Glutamate–pyruvate transaminase (GPT), glutamic–oxaloacetic transaminase (GOT), and adenosine deaminase (ADA) levels in the serum are indices related to the liver health of fish. Typically, GPT and GOT exist in the liver. When liver disease occurs, the permeability of liver cells increases, and GPT and GOT are released into the blood, leading to increased activity of GPT and GOT in the serum [35]. ADA is an important enzyme system for the metabolism and breakdown of adenosine in cells. The activity of ADA in serum often increases when liver cells are damaged and is more sensitive than GPT in reflecting chronic liver cell damage [36]. In this study, only the ADA and GOT had the variation compared to the control, and this change is positive. Therefore, the broad bean diets did not cause damage to the liver of the experimental fish.

Lysozymes (LZMs) are a part of the immune system, and their activity can reflect the immune capacity of an organism [37]. According to the results of LZM in this study, there was seldom an influence on immune capacity made by adding broad beans. In a study on beluga (Huso huso), broad bean meal can be used successfully in a diet of up to 10% without adverse effects on serum biochemical parameters [26]. However, Gan et al. (2017) indicated that the anti-oxidative activity decreased with the increasing broad beans level in grass carp [27]. Different fish species have varying degrees of response to broad beans, and the additional amount designed in this experiment did not reach the level where change can occur.

4.3. Effects of Broad Bean Diets on the Flesh Quality of Nile Tilapia

Muscle hardness, springiness, adhesiveness, and chewiness directly reflect the meat quality, while hardness and chewiness are key parameters that directly reflect the degree of fish fragility [38]. Muscle fibers are the basic units of muscle tissue, and their density and diameter directly affect the meat quality [39]. Research on grass carp [40], Yellow River carp [41], and Atlantic salmon [42] have indicated that muscle fiber density is negatively correlated with muscle fiber diameter but positively correlated with muscle tissue hardness and chewiness. In other words, the smaller the diameter of the muscle fiber would result in an increased number of muscle fibers per unit area—that is, the greater the density of the muscle fiber, and ultimately improve the hardness and chewiness of the meat and achieve a ‘crisping’ effect. In this trial, the muscle hardness, adhesiveness, and chewiness of all broad bean diets increased compared to the basic diet (G1). Increasing the amount of addition can increase these flesh quality parameters, and adding a crisping functional package to the diet can also improve muscle hardness, adhesiveness, and chewiness of tilapia.

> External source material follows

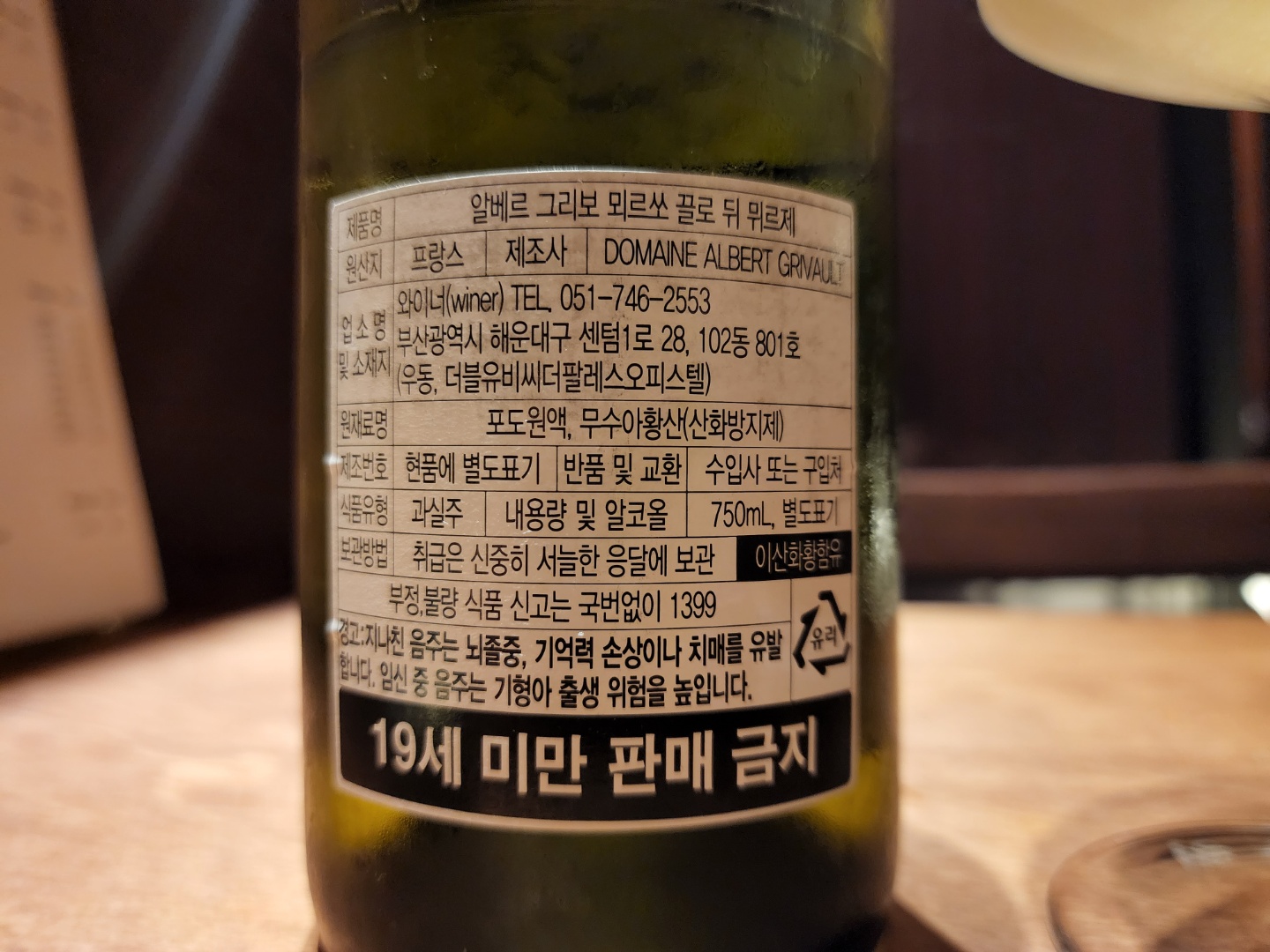 화이트도 한 잔 시킬까 고민하고 있는데 갑자기 와인을 가지고 오셨다. 글라스로 파는 뫼르소를 한 잔 서비스로 주시겠다는 것. 감사하게도 귀한 와인을...

In addition, the effect of the crisping formula used in this study was superior to the commercial diet (G6), especially treatment G5, which has the potential to be developed as a new type of tilapia crisping-specific diet.

4.4. Effects of Broad Bean Diets on the Intestine of Tilapia

Previous research has shown that the digestive and absorption capacity of the intestine is closely related to parameters such as intestinal villus length, muscle layer thickness, and lamina propria thickness [43]. The results of the present experiment indicate that feeding Nile tilapia with the formula feed containing broad beans did not significantly affect its foregut tissue morphology. However, feeding a formula feed containing broad beans and a crisping functional package increased the number of goblet cells per unit length in the intestine of Nile tilapia. Goblet cells are a typical type of mucus cell associated with the intestinal mucosal immune system and have a protective effect on the intestinal tissue structure [44]. They can resist infection, regulate epithelial cell integrity, and respond to foreign antigens [45]. In addition, goblet cells can synthesize secreted mucoprotein (MUC2) and bioactive molecules, reducing bacterial adhesion to the intestinal wall and intestinal permeability in the intestine. The experiment found that adding broad beans to grass carp feed significantly induced intestinal villi shedding and fusion, increased lamina propria, and decreased eosinophilic granulocytes, destroying intestinal structure [40]. After feeding Nile tilapia with broad beans, it was found that the intestinal villi were slightly damaged, and the muscle thickness of the intestine was increased, suggesting modest intestinal injury [6]. The damage caused by broad beans added diet to fish in the research above was also found in the comparison between the G1 and G3 treatments, which may be due to the lack of a crisping functional package. The supplementation of broad beans will induce inflammation of the intestine and finally result in intestinal injuries (cells and structure) [46]. A recent study has shown that adding short-chain fatty acids to the crisping functional package protects the integrity of the intestinal mucosal barrier and regulates the intestinal immune system [47]. All these results indicated that the crisping functional package can be applied to tilapia crisping formula feed, which helps to improve the integrity of the intestinal tissue structure of Nile tilapia and the health of the fish intestine.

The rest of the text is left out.